[Data entries]
★ ★ ★ ★

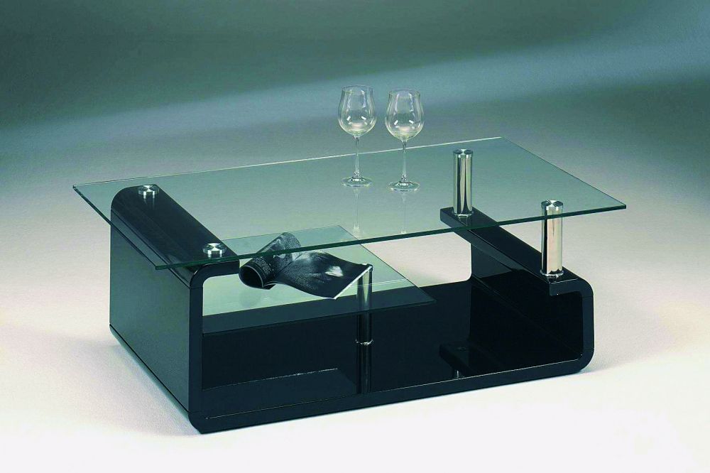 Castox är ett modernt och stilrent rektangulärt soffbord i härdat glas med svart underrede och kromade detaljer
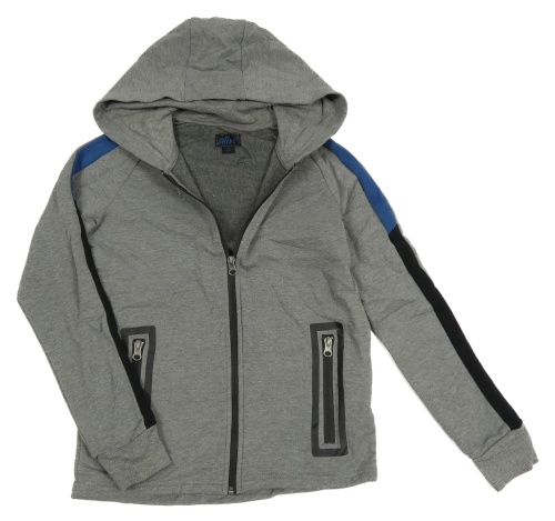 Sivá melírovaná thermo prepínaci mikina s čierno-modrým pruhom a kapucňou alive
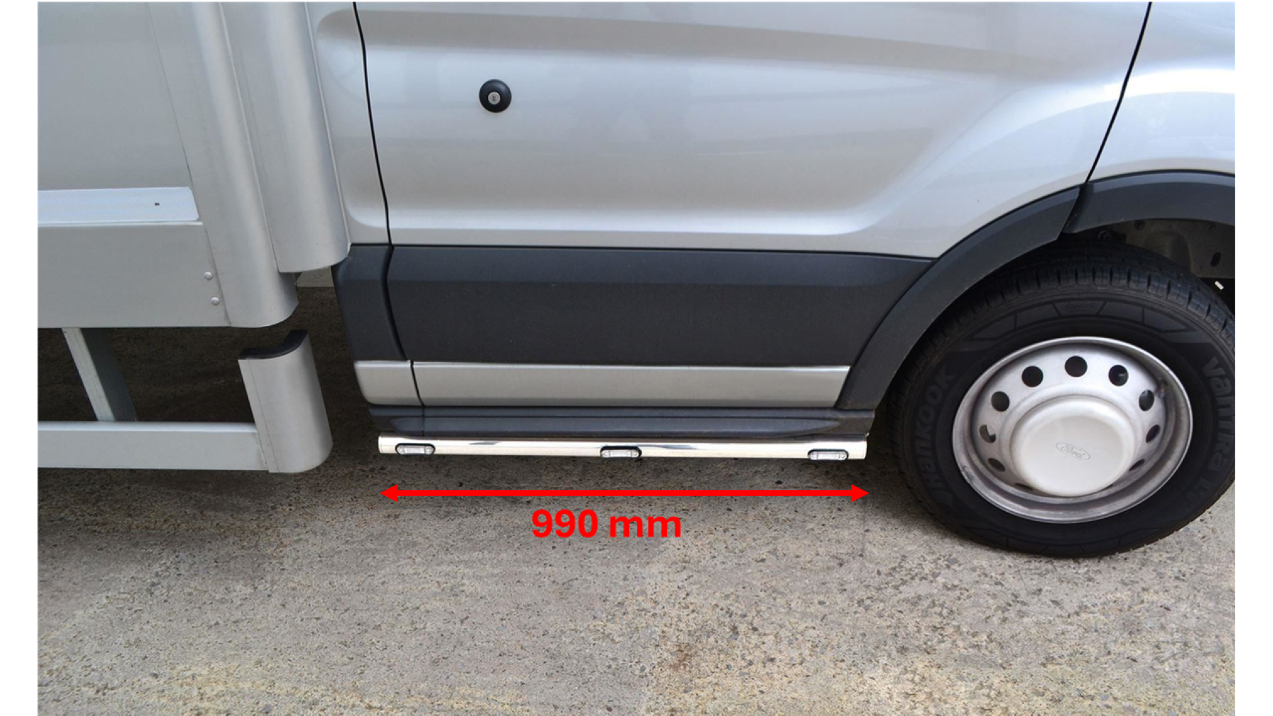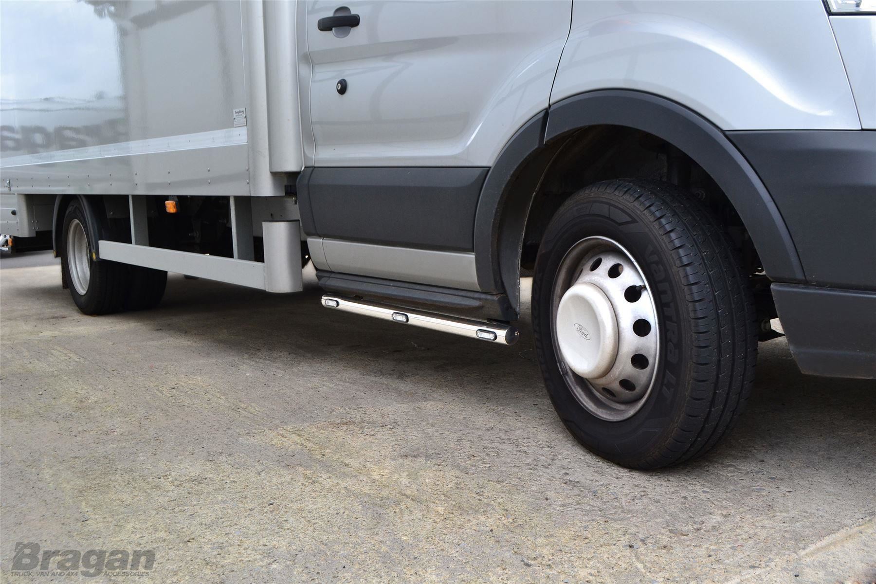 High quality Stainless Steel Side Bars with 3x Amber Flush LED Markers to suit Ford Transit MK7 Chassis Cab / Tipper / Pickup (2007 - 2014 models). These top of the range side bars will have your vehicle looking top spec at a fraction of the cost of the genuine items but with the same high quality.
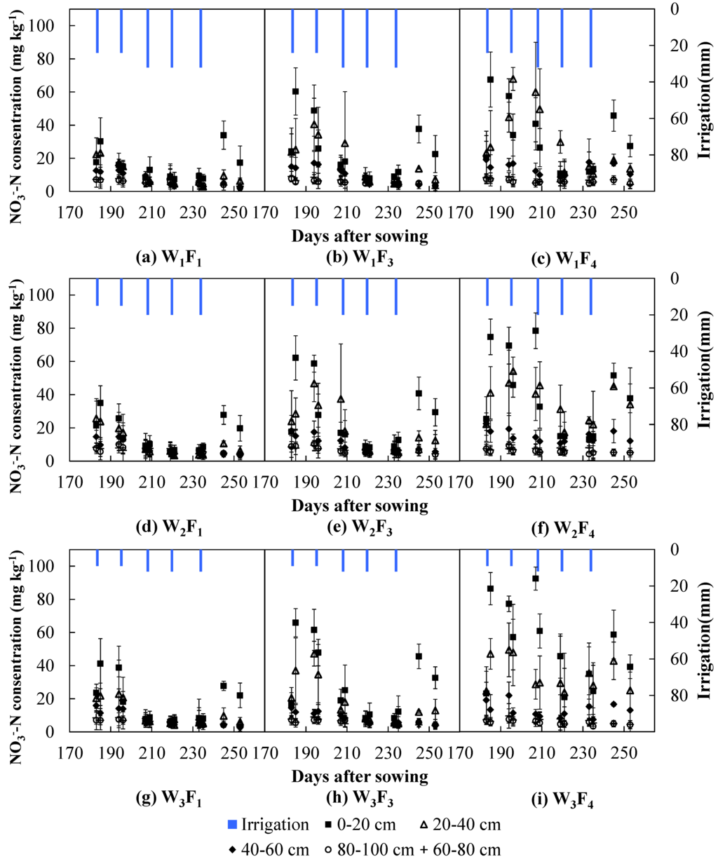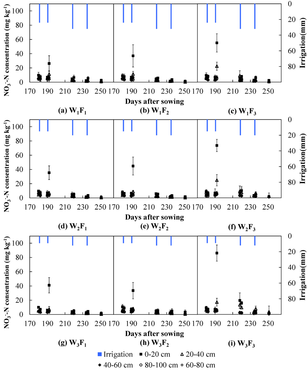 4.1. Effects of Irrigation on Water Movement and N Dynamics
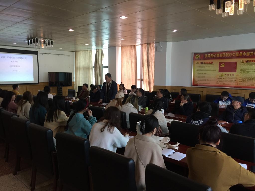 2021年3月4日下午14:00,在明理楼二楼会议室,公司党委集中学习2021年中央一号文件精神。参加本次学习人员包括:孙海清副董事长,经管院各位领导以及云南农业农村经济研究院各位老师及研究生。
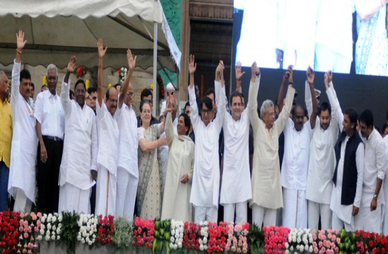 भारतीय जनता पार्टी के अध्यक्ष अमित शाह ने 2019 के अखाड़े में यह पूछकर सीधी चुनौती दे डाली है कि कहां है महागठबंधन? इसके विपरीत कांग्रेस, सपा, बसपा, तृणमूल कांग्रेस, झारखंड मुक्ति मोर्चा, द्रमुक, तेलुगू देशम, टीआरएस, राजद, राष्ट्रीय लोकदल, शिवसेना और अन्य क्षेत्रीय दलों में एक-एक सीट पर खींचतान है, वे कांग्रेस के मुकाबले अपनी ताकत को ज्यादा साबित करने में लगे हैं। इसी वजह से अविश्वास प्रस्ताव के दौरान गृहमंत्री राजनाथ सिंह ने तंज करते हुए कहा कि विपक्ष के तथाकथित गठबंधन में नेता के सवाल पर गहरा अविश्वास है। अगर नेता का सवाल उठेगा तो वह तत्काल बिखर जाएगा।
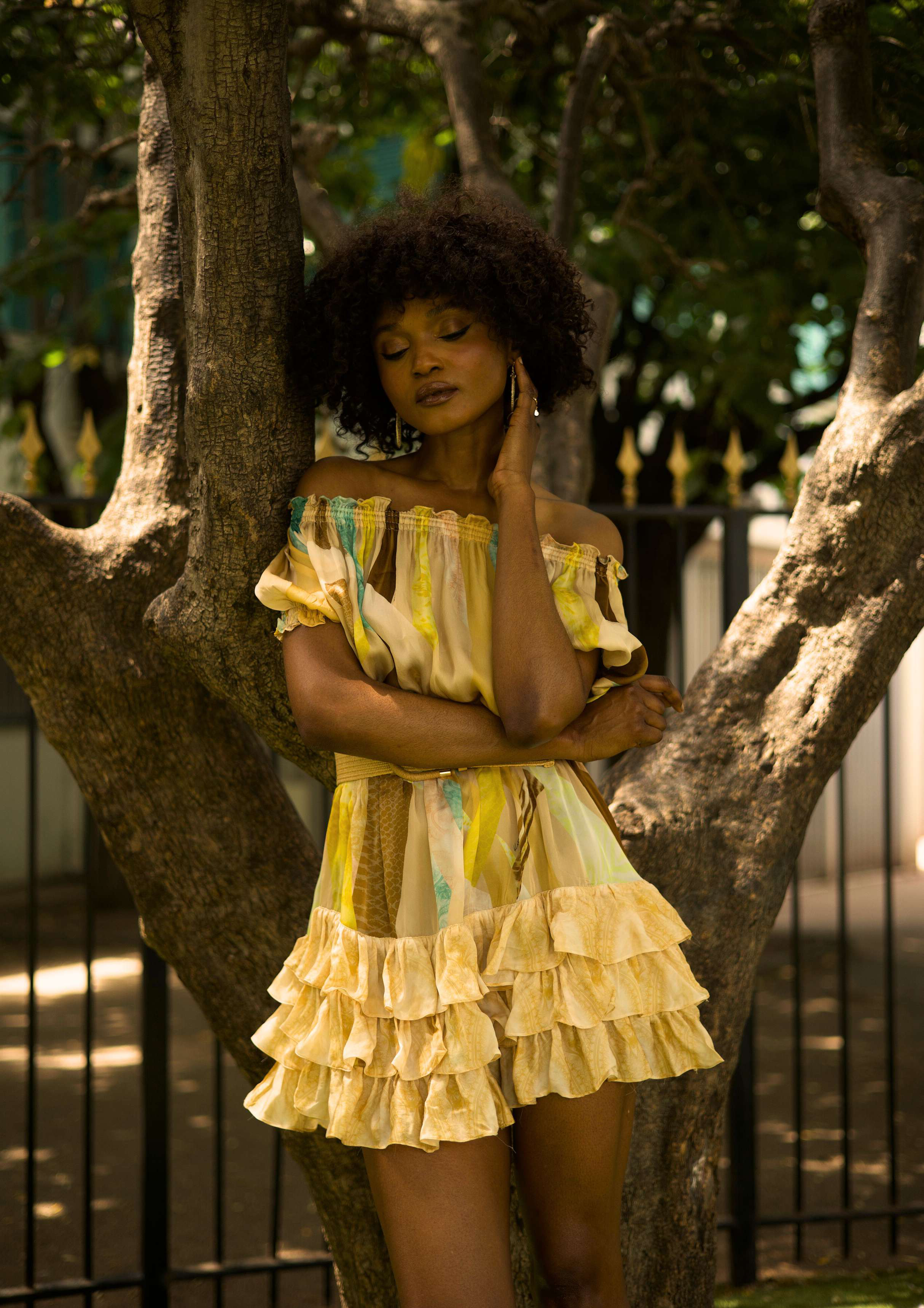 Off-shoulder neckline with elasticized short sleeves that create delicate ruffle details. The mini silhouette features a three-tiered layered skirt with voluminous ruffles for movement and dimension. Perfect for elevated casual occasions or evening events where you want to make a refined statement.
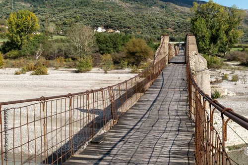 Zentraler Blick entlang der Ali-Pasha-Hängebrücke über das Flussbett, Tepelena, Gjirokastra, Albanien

★ ★ ★ ★

TASK DESCRIPTION - Transcribe all the entries precisely. Do not include any picture.

WRITTEN RESPONSE -
 Castox är ett modernt och stilrent rektangulärt soffbord i härdat glas med svart underrede och kromade detaljer
 Sivá melírovaná thermo prepínaci mikina s čierno-modrým pruhom a kapucňou alive
 High quality Stainless Steel Side Bars with 3x Amber Flush LED Markers to suit Ford Transit MK7 Chassis Cab / Tipper / Pickup (2007 - 2014 models). These top of the range side bars will have your vehicle looking top spec at a fraction of the cost of the genuine items but with the same high quality.
 4.1. Effects of Irrigation on Water Movement and N Dynamics
 2021年3月4日下午14:00,在明理楼二楼会议室,公司党委集中学习2021年中央一号文件精神。参加本次学习人员包括:孙海清副董事长,经管院各位领导以及云南农业农村经济研究院各位老师及研究生。
 भारतीय जनता पार्टी के अध्यक्ष अमित शाह ने 2019 के अखाड़े में यह पूछकर सीधी चुनौती दे डाली है कि कहां है महागठबंधन? इसके विपरीत कांग्रेस, सपा, बसपा, तृणमूल कांग्रेस, झारखंड मुक्ति मोर्चा, द्रमुक, तेलुगू देशम, टीआरएस, राजद, राष्ट्रीय लोकदल, शिवसेना और अन्य क्षेत्रीय दलों में एक-एक सीट पर खींचतान है, वे कांग्रेस के मुकाबले अपनी ताकत को ज्यादा साबित करने में लगे हैं। इसी वजह से अविश्वास प्रस्ताव के दौरान गृहमंत्री राजनाथ सिंह ने तंज करते हुए कहा कि विपक्ष के तथाकथित गठबंधन में नेता के सवाल पर गहरा अविश्वास है। अगर नेता का सवाल उठेगा तो वह तत्काल बिखर जाएगा।
 Off-shoulder neckline with elasticized short sleeves that create delicate ruffle details. The mini silhouette features a three-tiered layered skirt with voluminous ruffles for movement and dimension. Perfect for elevated casual occasions or evening events where you want to make a refined statement.
 Zentraler Blick entlang der Ali-Pasha-Hängebrücke über das Flussbett, Tepelena, Gjirokastra, Albanien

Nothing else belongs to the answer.